Well as of this weekend I am no longer a rifle-virgin haha.

My buddy invited me out to shoot one of his AR15's and his Acc. Int'l .308 AW. 

First time out and it was a 500 yard range out in the country.

I shot both rifles with and without suppressors.

One thing I have to get used to on the AW is using the bag of sand for elevation change.

I think I did pretty well for never shooting a rifle before.

Even managed to hit a 500 yard target with the AR15. I think its about 3' by 3' using a red dot lol.  But the only ammo we had that could make it that far was some special 77 grain 5.56 that he was given. :eek:

Next time I'll bring out some paper targets. All they had up was steel.
Anyways. I had a blast! :)


----------



## Centermass (Apr 20, 2009)

Glad you shared this. 

What in the hell is wOOt?? :uhh:


----------



## Diamondback 2/2 (Apr 20, 2009)

LateApex said:


> Well as of this weekend I am no longer a rifle-virgin haha.



Glad you got your cherry popped! ;)



Centermass said:


> What in the hell is wOOt?? :uhh:



It is four letters put together that do not make a real word, however used as a word by a person on this forum.:)


----------



## Centermass (Apr 20, 2009)

J.A.B. said:


> It is four letters put together that do not make a real word, however used as a word by a person on this forum.:)

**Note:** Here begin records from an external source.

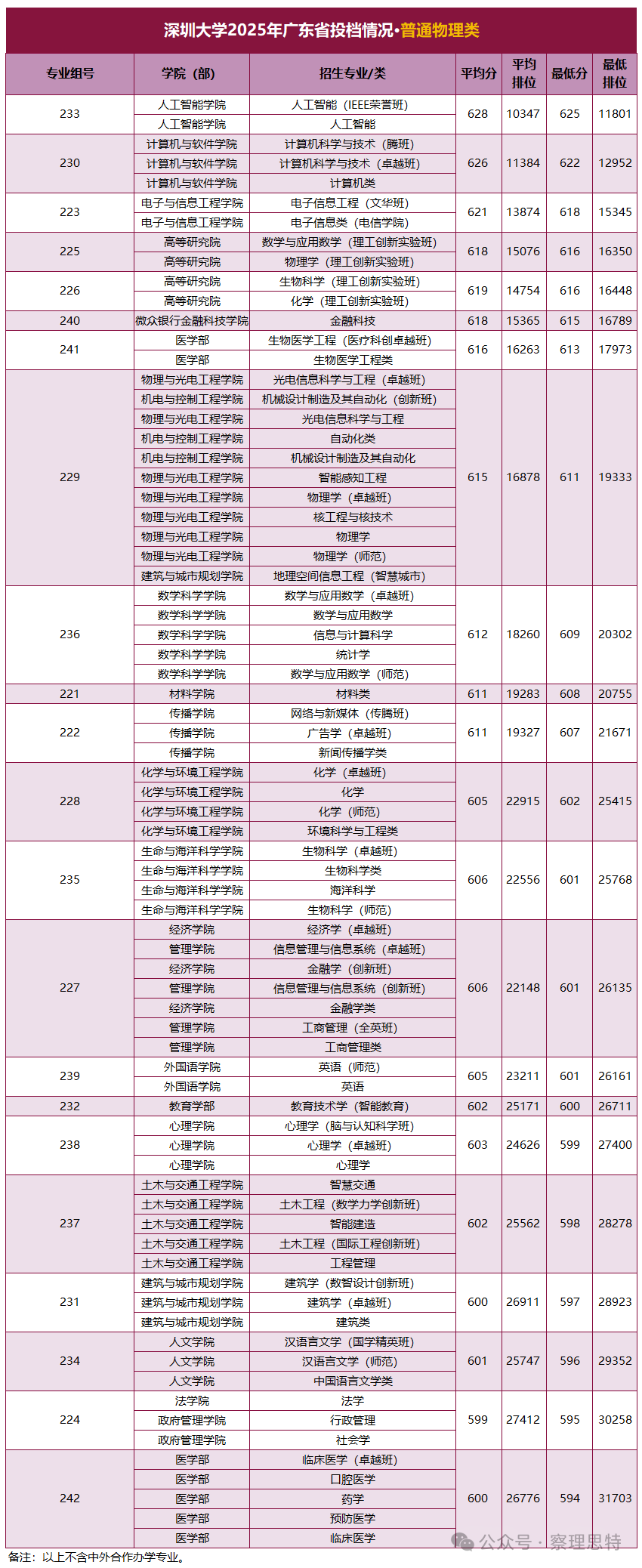 深圳大學(xué)2025年廣東省普通物理類投檔最低分為594分,排位31703;普通歷史類投檔最低分為592分,排位7271。作為深圳本土綜合性大學(xué)的代表,深圳大學(xué)在文理兩科均保持了穩(wěn)定的吸引力。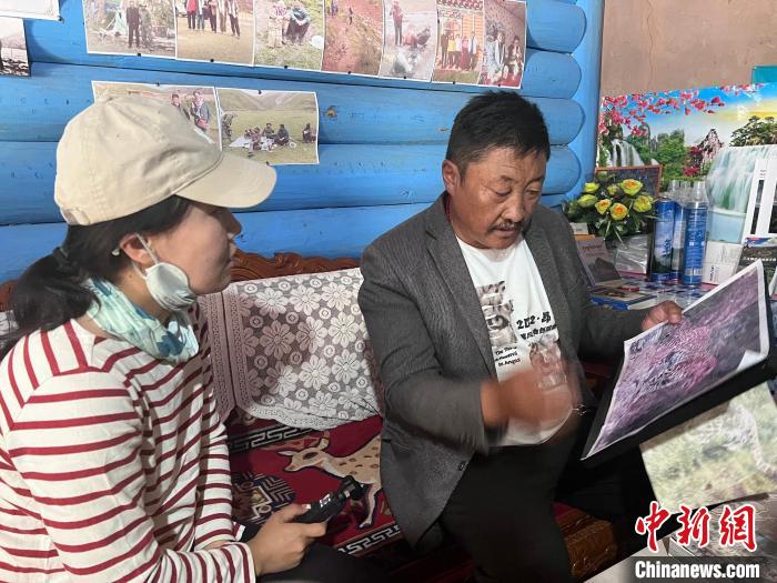 “作為一名攝影記者,能來到三江源國(guó)家公園采訪拍攝,非常難得。今天我們跟著當(dāng)?shù)氐哪撩裣驅(qū)ё穼ち艘吧鷦?dòng)物的足跡,看到了巖羊,還有旱獺,雖然沒能看到雪豹有些遺憾,但是在牧民的家里也看到了他們?cè)?jīng)拍攝到的雪豹照片,非常的震撼?!瘪T永斌說。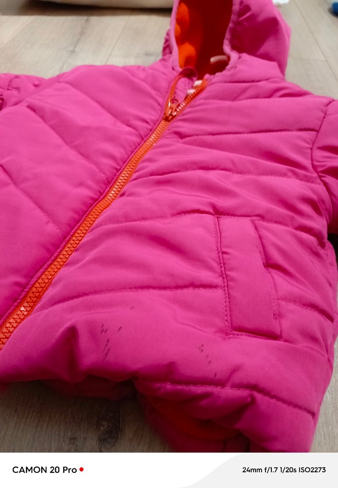 Kız çocukları için pembe, fermuarlı ve kapüşonlu, yumuşak ve sıcak kumaştan yapılmış, sokak tarzına uygun, mont. lcw 18,24 ufak kalem lekesi galiba leke var nerden oldu hiç fikrim yok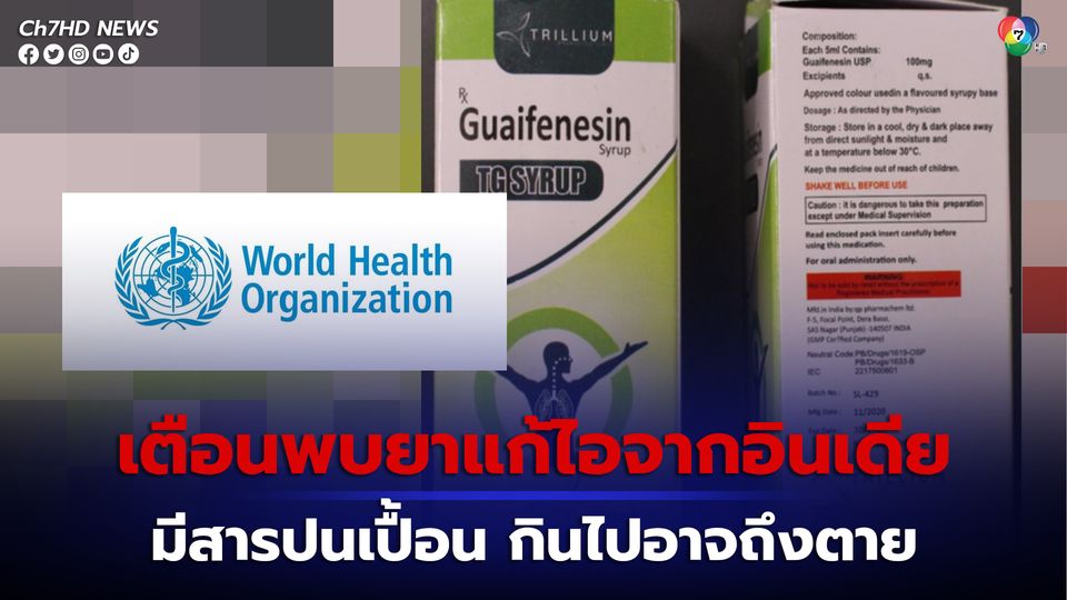 องค์การอนามัยโลก (WHO) เตือนพบยาแก้ไอที่ผลิตจากบริษัทของอินเดีย มีสารปนเปื้อนที่เป็นพิษต่อมนุษย์ และอาจทำให้ถึงกับเสียชีวิตหากรับประทานเข้าไป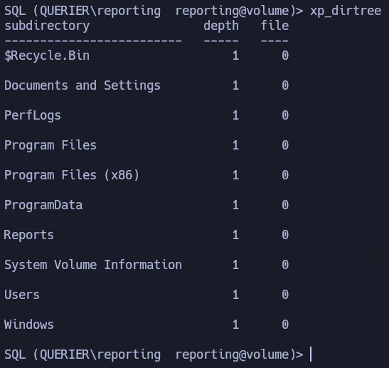 Since don’t have permission to run or enable xp_cmdshell, we can attempt to get the hash of the user running the SQL service. To do that we can use xp_dirtree which allows to list all the resources of a certain directory or path.

Thanks Bro. Being more confused than I was 10 minutes ago always makes my Monday...... >:{


----------



## LateApex (Apr 20, 2009)

lol. Sorry about that.

w00t = Hell yeah! (well thats what it means to me haha)

Also, thanks!


----------



## 104TN (Apr 20, 2009)

w00t is geek short for, "Wow! Loot!"

It originated in role playing games.


----------



## LateApex (Apr 20, 2009)

I changed the title to something more appropriate.


----------



## P. Beck (Apr 21, 2009)

You are all missing the most important part.

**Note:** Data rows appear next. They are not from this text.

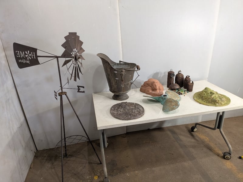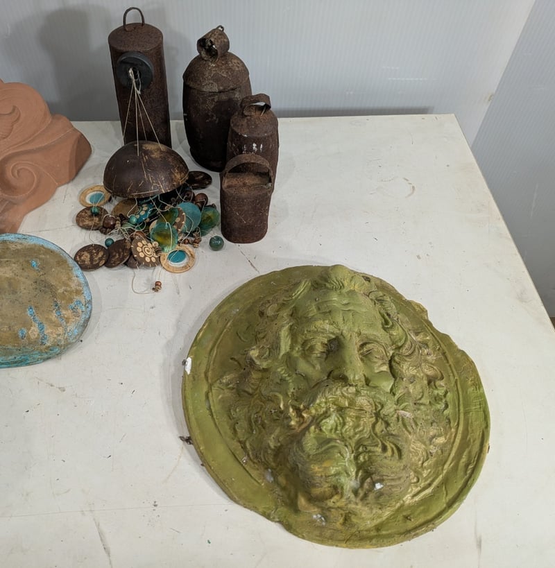 Various Garden Decorations including a Windmill, Wind Chimes and More. Used Condition. Sold as Lot.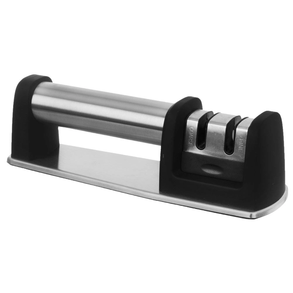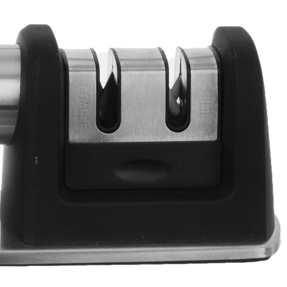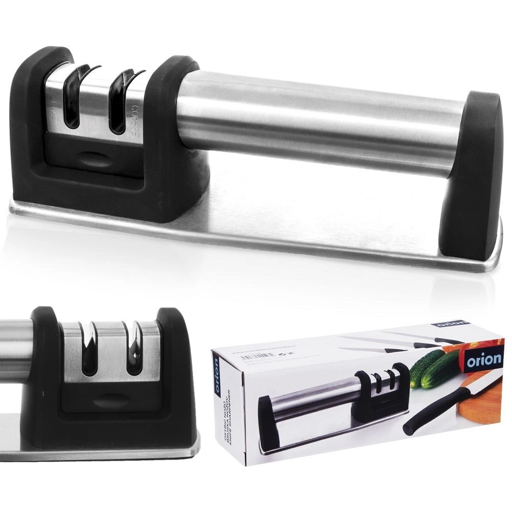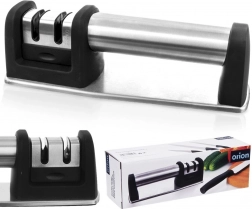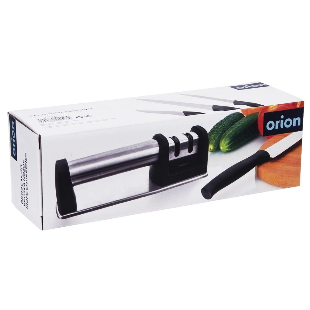 Udržiavajte svoje kuchynské nože v perfektnej kondícii s dvojstupňovým brúskom ORION. Robustná kombinácia nehrdzavejúcej ocele a odolného plastu zaručuje dlhú životnosť, zatiaľ čo protišmyková základňa a ergonomická rukoväť zaistia bezpečný a stabilný úchop pri brúsení. Dva samostatné sloty umožňujú najprv rýchle obnovenie ostria a potom jeho precízne doleštenie.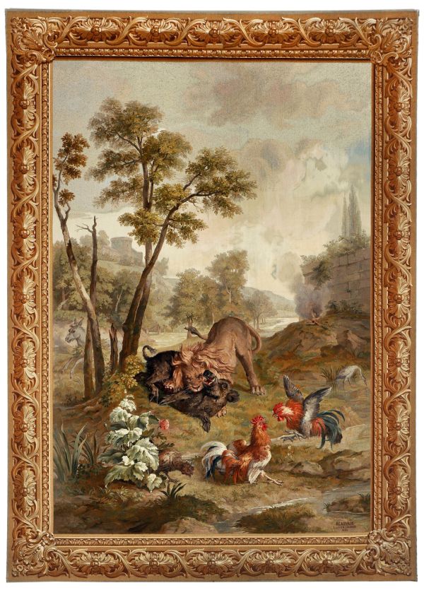 Tapisserie de lice Les Fables de la Fontaine Combat d'animaux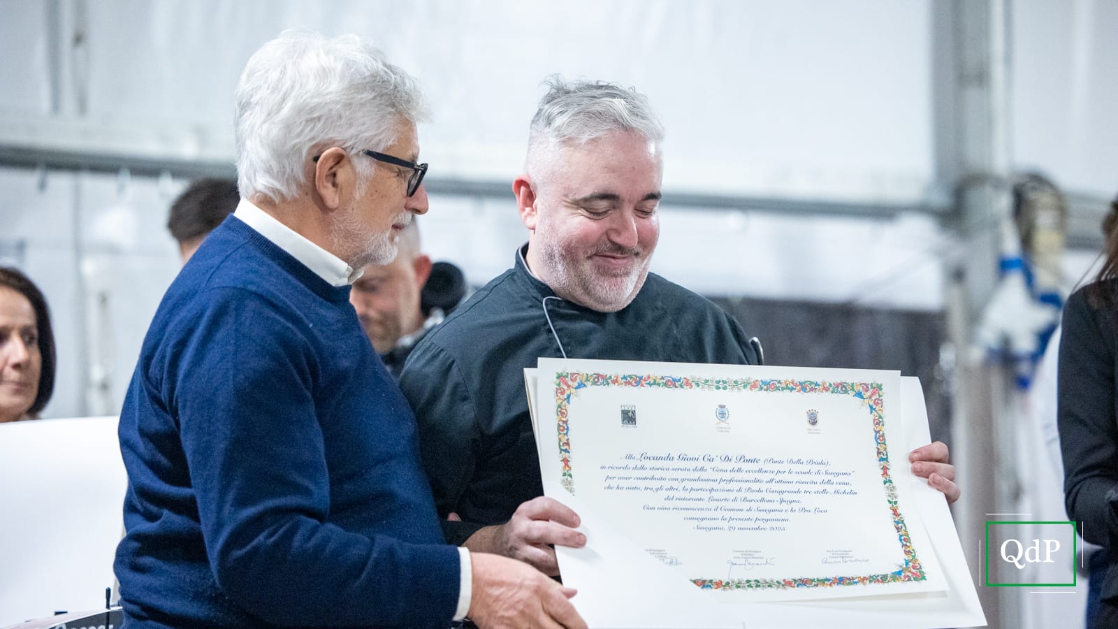 Al termine, l’amministrazione comunale ha consegnato una pergamena a Casagrande, ai ristoratori coinvolti e agli studenti del Beltrame, protagonisti in cucina e in sala. I vini sono stati serviti dalla delegazione veneta dell’Associazione italiana sommelier.

I believe the operative phrases here are "I am no longer a rifle-virgin" and "First time out" and "I shot both rifles with and without suppressors"

Basic beer math:

First time with AR-15 w/o can + first time with AR-15 w/ can + first time with AI w/o can + first time with AI w/ can =  LateApex owes 4 cases of beer.

wOOt.


----------



## 08steeda (Apr 21, 2009)

w00t started out as a hackers term for gaining ROOT access to a computer. (if you don't know what root is, google it).

Now it is a term used to show excitement or happiness! Like HOT DAMN!!!

Now w0t for the car/motorcycle enthusiast means - Wide Open Throttle which evolved from w00t but for on-line forums for speed junkies. 

POP'ed that cherry! Good for you!!!! Fun ain't it! Some of the most fun you can have with your clothes on!!!


----------



## LateApex (Apr 22, 2009)

Yea I am definitely planning on going back out ASAP! As well as, buying my own AR-15 in the next couple months.

Id like to put one together from scratch but it looks like all the decent parts are sold out and/or on back order.


----------